** Opening AVAILABLE RECORDS block **

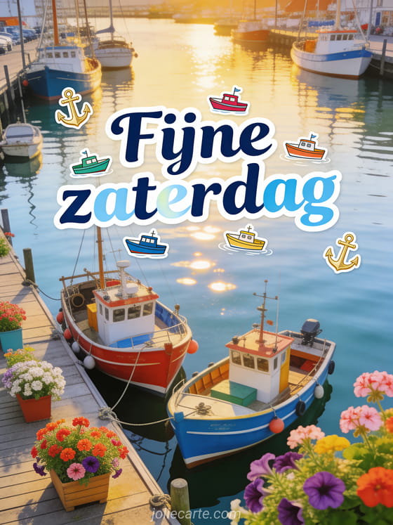 Deel een vrolijke kaart voor fijne zaterdag met marineblauwe letters, witte accenten, stickers van kleurrijke boten en gouden ankers, een bloemrijke kade, aangemeerde vissersboten en plantenbakken vol geraniums en petunia's. Bekijk ook fijne zaterdag allemaal gif, fijne lentezaterdag of deze afbeelding voor fijne zaterdag.
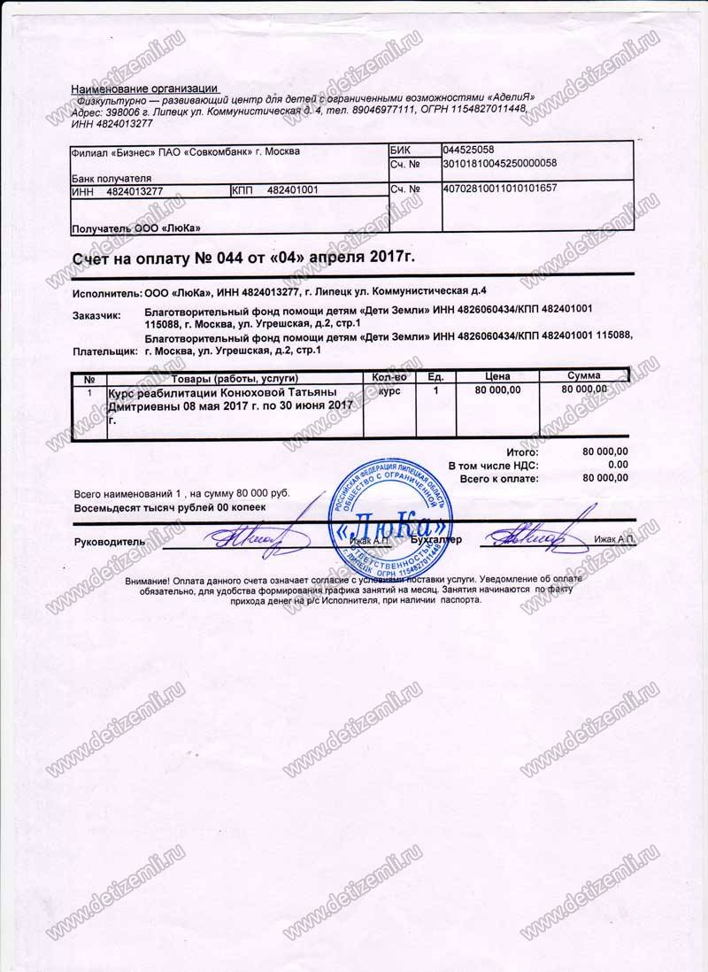 Оплачено лечение Тани стоимостью 80000 рублей.
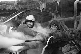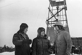 Коми АССР, Сосногорский район, поселок Нефтепечорск. Нефтяное месторождение Пашня. Бурилищики у…
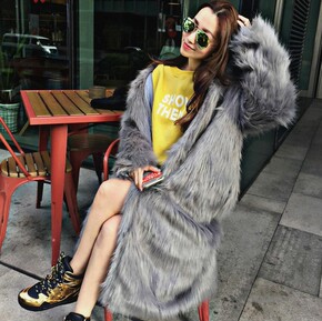 仿羊剪绒大衣仿狐狸毛毛绒外套2021秋冬仿皮草外套...
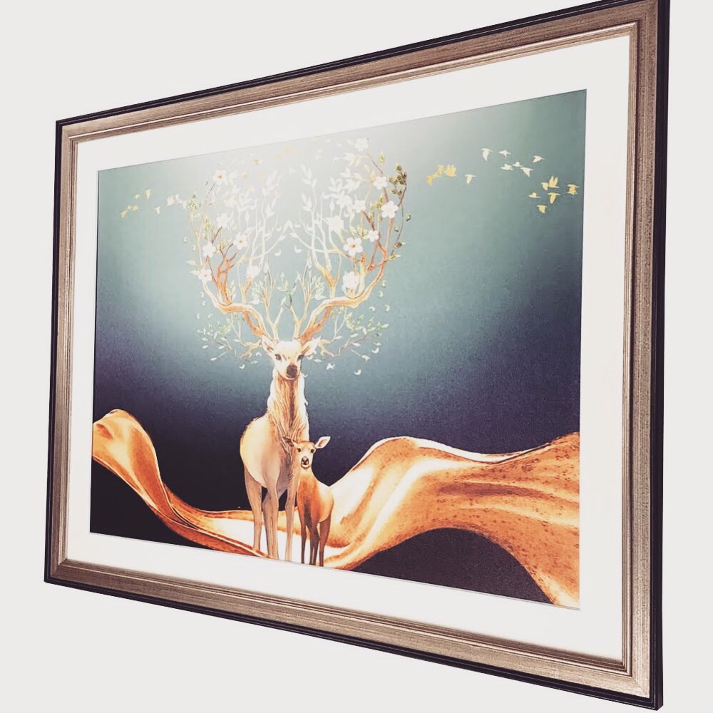 キャンバス画を額装しました! 画布の状態でお持ち込みいただいた場合、木枠に張り込んで油絵用の額に額装することが多いです。 しかし今回はお客様のご希望で木枠には張り込まず、ボードに貼り付けて水彩画用の額に額装しました。縁が黒いシルバーフレームを使用し、シンプルに白のマットでまとめました。 #額縁のタカハシ松本店 #額縁のタカハシ #額映え #額縁屋 #額縁店 #額装 #額縁 #額 #額縁アート #額縁職人 #キャンバス画 #鹿 #しか #シカ
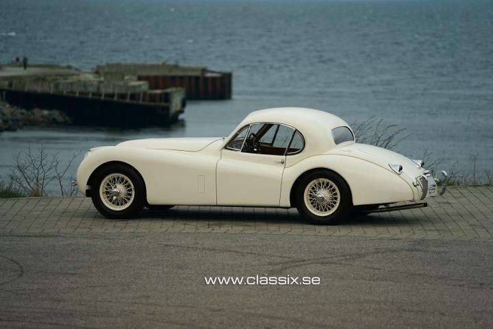 Exterior: The Jaguar XK120 M we have for sale today is a striking car in white. It looks a bit sportier than the standard XK, with its lower ride height and wire wheels. The paintwork on this car is absolutely stunning, as are all the chrome details. All panel gaps are perfect, and the doors open and close effortlessly, even with new rubber trim. The teardrop design and split front screen of the Jaguar XK120 Coupe reminds you of the style of exclusive French cars from the 1940s. The spoke wheels are in good condition and fitted with Michelin Pilote X tires, which are the best available tires for these cars.
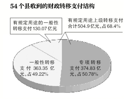 注:54個縣2011年收到上級轉(zhuǎn)移支付738.18億元。54個縣公共財政支出中,有49.39%來自于上級轉(zhuǎn)移支付,其中中西部45個縣的這一比例達61.66%。由于上述轉(zhuǎn)移支付中有規(guī)定用途的資金所占比例較高,地方政府不能統(tǒng)籌安排。(新京報 制圖/郭宇)
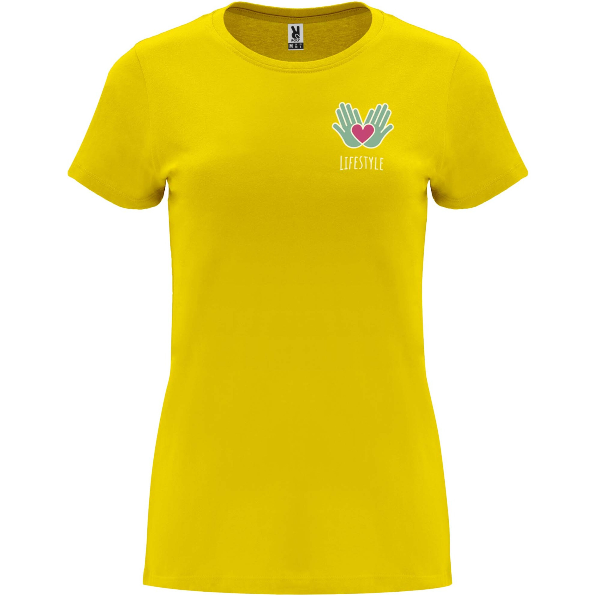Lyhythihainen ja muotoiltu naisten t-paita. 1x1 resorikankainen pyöreä kaula-aukko. Vahvistettu sauma pääntiessä. Irrotettava tuotemerkki.
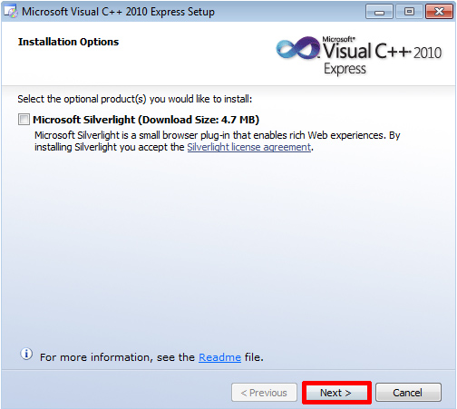 1) Select the "Visual C++ 2010 Express" option, and then select your desired language.
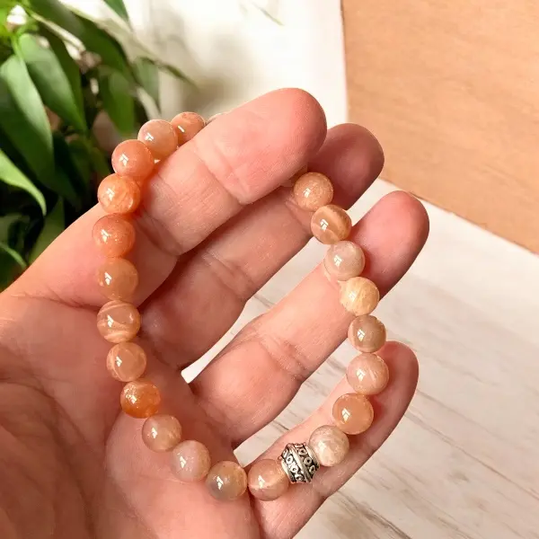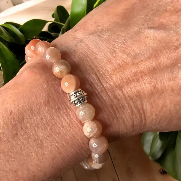 Armbåndet er fremstillet med 8 mm runde perler af den fineste solsten. Solsten er kendt for sin varme, glitrende overflade og smukke gyldne glød, som fanger lyset på magisk vis. Denne sten forbindes med glæde, livskraft og positiv energi – og bringer lys og varme ind i hverdagen.
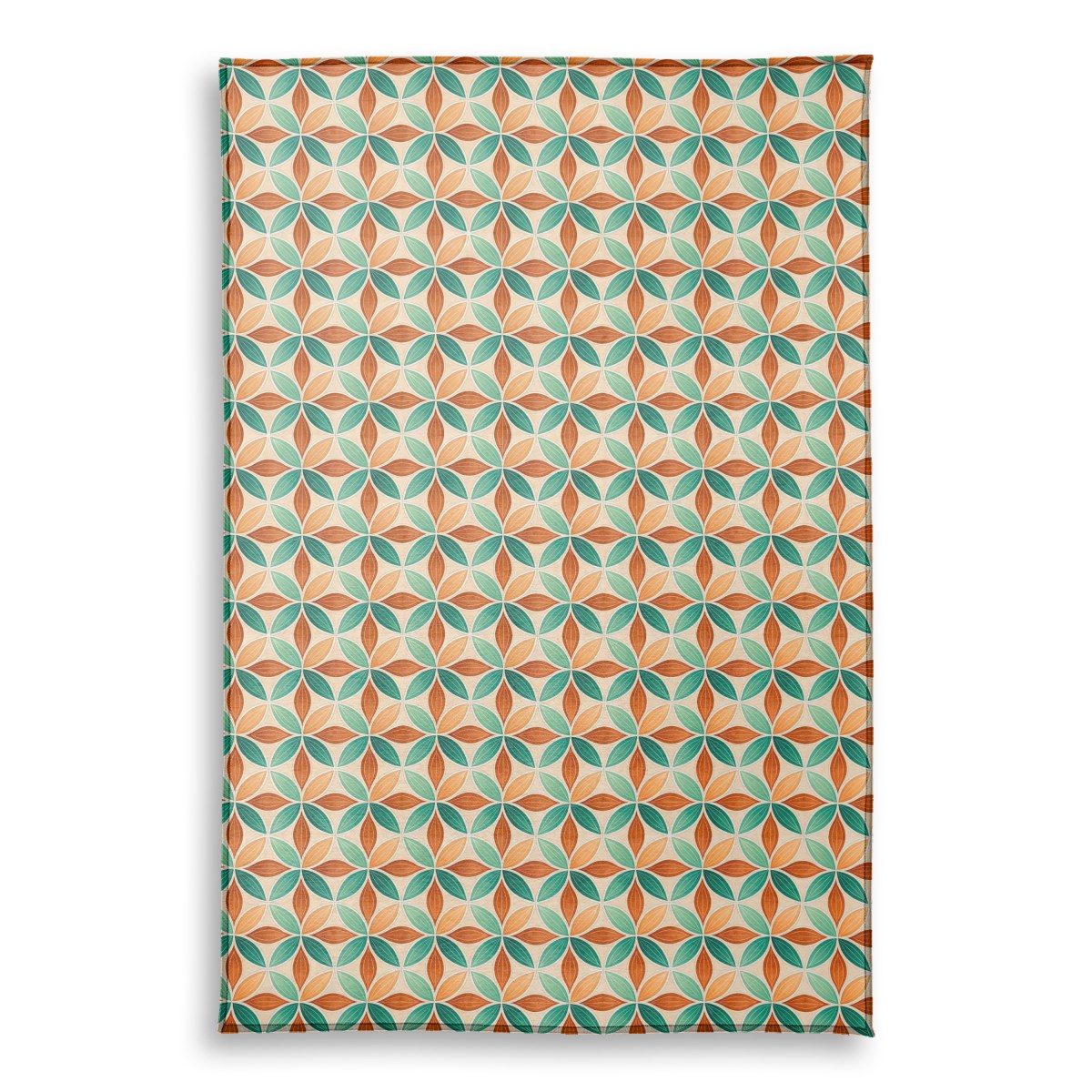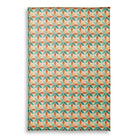 A retro geometric pattern featuring stylized flowers with alternating teal and terracotta-orange petals. The seamless design is set on a cream, textured background, creating the look of vintage ceramic tiles with a mid-century modern aesthetic.
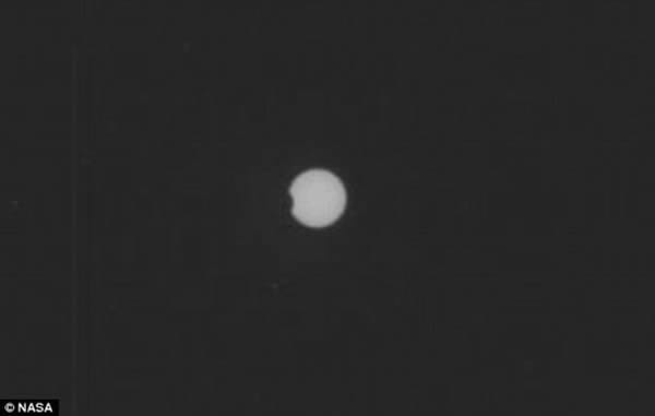 美国宇航局的“好奇”号火星车拍到的日偏食。当时,火卫一在火星与太阳之间穿过

** Closing AVAILABLE RECORDS block **

## AIM OF THE EXERCISE
Write out the whole listing exactly. Do not include the pictures.

## ANSWER BELOW
 Deel een vrolijke kaart voor fijne zaterdag met marineblauwe letters, witte accenten, stickers van kleurrijke boten en gouden ankers, een bloemrijke kade, aangemeerde vissersboten en plantenbakken vol geraniums en petunia's. Bekijk ook fijne zaterdag allemaal gif, fijne lentezaterdag of deze afbeelding voor fijne zaterdag.
 Оплачено лечение Тани стоимостью 80000 рублей.
 Коми АССР, Сосногорский район, поселок Нефтепечорск. Нефтяное месторождение Пашня. Бурилищики у…
 仿羊剪绒大衣仿狐狸毛毛绒外套2021秋冬仿皮草外套...
 キャンバス画を額装しました! 画布の状態でお持ち込みいただいた場合、木枠に張り込んで油絵用の額に額装することが多いです。 しかし今回はお客様のご希望で木枠には張り込まず、ボードに貼り付けて水彩画用の額に額装しました。縁が黒いシルバーフレームを使用し、シンプルに白のマットでまとめました。 #額縁のタカハシ松本店 #額縁のタカハシ #額映え #額縁屋 #額縁店 #額装 #額縁 #額 #額縁アート #額縁職人 #キャンバス画 #鹿 #しか #シカ
 Exterior: The Jaguar XK120 M we have for sale today is a striking car in white. It looks a bit sportier than the standard XK, with its lower ride height and wire wheels. The paintwork on this car is absolutely stunning, as are all the chrome details. All panel gaps are perfect, and the doors open and close effortlessly, even with new rubber trim. The teardrop design and split front screen of the Jaguar XK120 Coupe reminds you of the style of exclusive French cars from the 1940s. The spoke wheels are in good condition and fitted with Michelin Pilote X tires, which are the best available tires for these cars.
 注:54個縣2011年收到上級轉(zhuǎn)移支付738.18億元。54個縣公共財政支出中,有49.39%來自于上級轉(zhuǎn)移支付,其中中西部45個縣的這一比例達61.66%。由于上述轉(zhuǎn)移支付中有規(guī)定用途的資金所占比例較高,地方政府不能統(tǒng)籌安排。(新京報 制圖/郭宇)
Lyhythihainen ja muotoiltu naisten t-paita. 1x1 resorikankainen pyöreä kaula-aukko. Vahvistettu sauma pääntiessä. Irrotettava tuotemerkki.
 1) Select the "Visual C++ 2010 Express" option, and then select your desired language.
 Armbåndet er fremstillet med 8 mm runde perler af den fineste solsten. Solsten er kendt for sin varme, glitrende overflade og smukke gyldne glød, som fanger lyset på magisk vis. Denne sten forbindes med glæde, livskraft og positiv energi – og bringer lys og varme ind i hverdagen.
 A retro geometric pattern featuring stylized flowers with alternating teal and terracotta-orange petals. The seamless design is set on a cream, textured background, creating the look of vintage ceramic tiles with a mid-century modern aesthetic.
 美国宇航局的“好奇”号火星车拍到的日偏食。当时,火卫一在火星与太阳之间穿过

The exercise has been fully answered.